For the most part, the previous studies that have classified superfamilies into one or the other of these categories have been limited either in their scope (see the review by Glasner et al. for examples [39]) or in the type of data used [8],[9],[20],[21]. Although our current work cannot be directly compared with these previous analyses because of differences in methodologies, our results suggest that the evolution of enzyme function is too complex to be described by a few distinct categories. Instead, we see large variations in the patterns of substrate conservation across the set of superfamilies investigated in this study. Also, in these superfamilies, conserved substructures are not entirely reacting nor are they entirely non-reacting. This observation also suggests that the reacting and non-reacting substructures, the latter often including the part of the substrate that has binding interactions with the enzyme, are simultaneously relevant to the evolutionary process and should be analyzed together. Consistent with our observations, a recent network-based analysis of the evolution of metabolism concludes that the two models previously used to describe enzyme evolution are not mutually exclusive or independent [40].

Variations observed within individual superfamilies suggest additional complexity in the evolution of function and how conserved substrate substructures are used in catalysis. Although within most of the superfamilies we studied there is little variation in the extent to which conserved substructures are involved in the reaction (Figure 4), the observation of some variation, and in a few cases, considerable variation, demonstrates that even members of the same superfamily may not proceed with the same pattern of evolution.

As discussed in the sections below, these results also suggest potentially important implications for the analysis of individual superfamilies, functional annotation, and value of evolutionary information in providing guidance for enzyme engineering.
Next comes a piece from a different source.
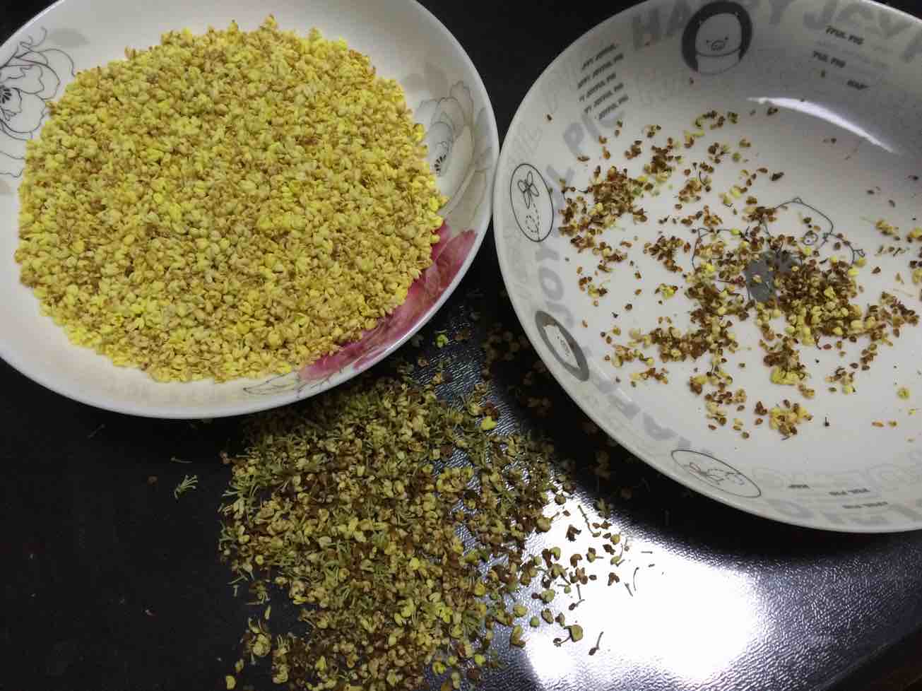 寻来一瓶子,做起了糖桂花。把秋天装进瓶里,掉一地太可惜。只是真的很难清理,采摘花了一个小时,清理花了2个小时,期待一个月后的糖桂花喏。

Functional Annotation of Superfamilies and Enzymes

By automating the analysis of enzyme substrates and reactions, the methodology introduced in this work facilitates the analysis of previously unstudied enzyme superfamilies. This effort contrasts with previous analyses of enzyme superfamilies to determine patterns of functional conservation that have been highly labor-intensive, involving extensive manual analysis of reactions and literature-based curation of functional properties (see the SFLD,, for examples). The substructures conserved among the substrates of all members of a superfamily (Figure 2) provide annotation information that describes how function has been conserved in each of these superfamilies. The certainty of these superfamily annotations will depend, however, on how well the range of substrates in each superfamily has been sampled. Thorough substrate sampling may be especially critical for complex superfamilies that include many different catalytic functions. While we have used all available reaction information in our analyses, the sampling of superfamily reactions may still be incomplete. As new reactions are discovered through the sequencing of new genomes and metagenomes, these results can be updated and improved.

Despite these limitations, the characterization of superfamily-conserved substructures presented here facilitates the annotation of individual sequences on a large scale, helping to address the need for new strategies for automated function annotation. This issue has become more pressing as the number of sequenced genomes increases and the era of metagenomics moves into high gear [41]. Sequences that can be classified into a superfamily but not into a specific family can be annotated with the substructure common to all characterized members. In these cases, often found in complex superfamilies exhibiting broad diversity in enzyme function, this may be the only level at which accurate annotation can be achieved, as insufficient information may be available to support annotation of a specific reaction or substrate specificity.

While substructure-based annotation does not by itself suggest a specific enzyme function, this information can be used as a starting point for additional analyses to determine specific function. For example, many structures have been solved through structural genomics efforts, but their functions remain unknown [42]. We have compiled a list of structures that have been classified into the SCOP superfamilies analyzed in this study, but have unknown functions. These structures, many of them from structural genomics projects, can be at least minimally annotated with the substructure identified here as conserved across that superfamily, illustrated by the examples given in Figure 5 (see Table S3 for the complete list). Using this information, characteristics of ligands likely to be bound or turned over by these proteins can be inferred, providing guidance for biochemical studies to determine specificity. These data also provide information about classes of small molecules that may be useful for co-crystallization trials to aid in solving the structures of these proteins or to capture them in functionally relevant conformations.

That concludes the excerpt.